Fundamental Particles

Recognizing that atoms were themselves divisible and composed of even more fundamental particles was a challenge for chemists working in the nineteenth century, when they were focussed on how atoms of different elements interacted, rather than on the interior structure of the atom.

Dalton's Laws

Dalton's original observations on how elements combine are so well attested that we now call them laws. Don't be mislead by the term: a law doesn't mean that the theory it describes is absolutely proven. No theory can be proven in the strictest sense (although any theory can be disproven ). We continue to use the atomic model because it accounts for many different observations, and has been useful in predicting the outcome of a number of experimental tests.

The conservation of mass is a basic principle of the universe. It means that (excepting whatever initial incident got us here) no mass is now being created or destroyed. In an ordinary chemical reaction, there is no difference between the mass of the reactants and the mass of the products. In a nuclear reaction, any mass loss is compensated by a release of energy equal to the mass loss times the speed of light squared (Einstein's famous E=mc2).

The law of constant composition means that a compound is always formed out of the same components. Water is always made of two parts of hydrogen to one part oxygen. Changing one of the components changes the compound into something else.

The law of multiple proportions means that elements combine in whole-number ratios (because the atoms are particles which are combining). This makes it much easier to determine the composition of complex molecules.

Stoichiometry

Stoichiometry comes from the Greek stoichoien (element) and metron (measure). It is used in different subjects to identify the elements of that subject. In chemistry it refers to the application of the laws of definite proportions and of the conservation of matter and energy to chemical reactions and processes. One of the main activities in chemical stoichiometry is balancing equations of chemical reactions, and determining how much mass of a compound was involved, or even how many atoms or molecules were involved in a particular reaction.
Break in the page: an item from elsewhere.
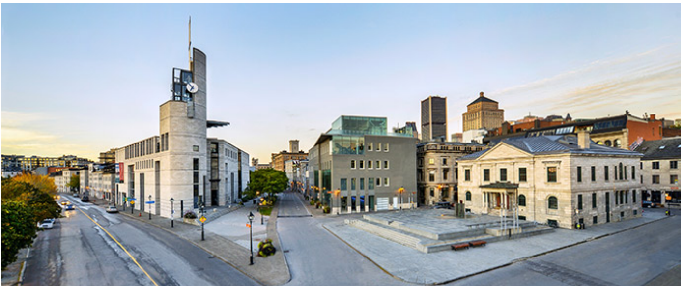
Pointe-à-Callière, Montréal Archaeology and History Complex

On May 17, 2022, as Montréal celebrates turning 380 years young, Pointe-à-Callière will also mark its 30th anniversary. In honour of this double birthday, the Montréal Archaeology and History Complex is welcoming the public free of charge all day long and will have a few surprises in store both on-site and online.

We'll come back to this term and its practical application, but before we can talk about measuring quantities in chemical reactions, we have to establish some units for atoms, and those units need to be based on the physical characteristics on atoms and elements.

Atoms: Points to remember

Here are the important things to remember about the characteristics of atoms:

A Short History of Atomic Masses

Let's look at the real problems chemists ran into in trying to determine compound proportions. Assume that we don't have access to the periodic table, and we haven't yet discovered that we can figure out the number of atoms by balancing the valence electrons involved.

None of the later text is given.